__GIVEN MATERIAL__

◆ ◆ ◆ ◆ ◆ ◆ ◆

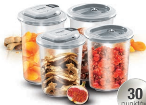
ZESTAW POJEMNIKÓW PRÓŻNIOWYCH VACS BIG
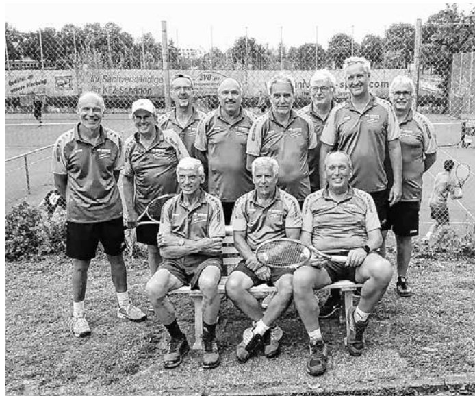
Die Männer der Herren 60

Am morgigen Samstag, 16. Juli 2022, geht es auf der Bondorfer Anlage gegen das Team aus Nordstetten.

◆ ◆ ◆ ◆ ◆ ◆ ◆

__WHAT THE TASK REQUIRES__
Reproduce nothing but the lines from the line containing "Die Männer der Herren 60" to the last line of the data, each exactly as written.

__RESULT OF THE TASK__
Die Männer der Herren 60

Am morgigen Samstag, 16. Juli 2022, geht es auf der Bondorfer Anlage gegen das Team aus Nordstetten.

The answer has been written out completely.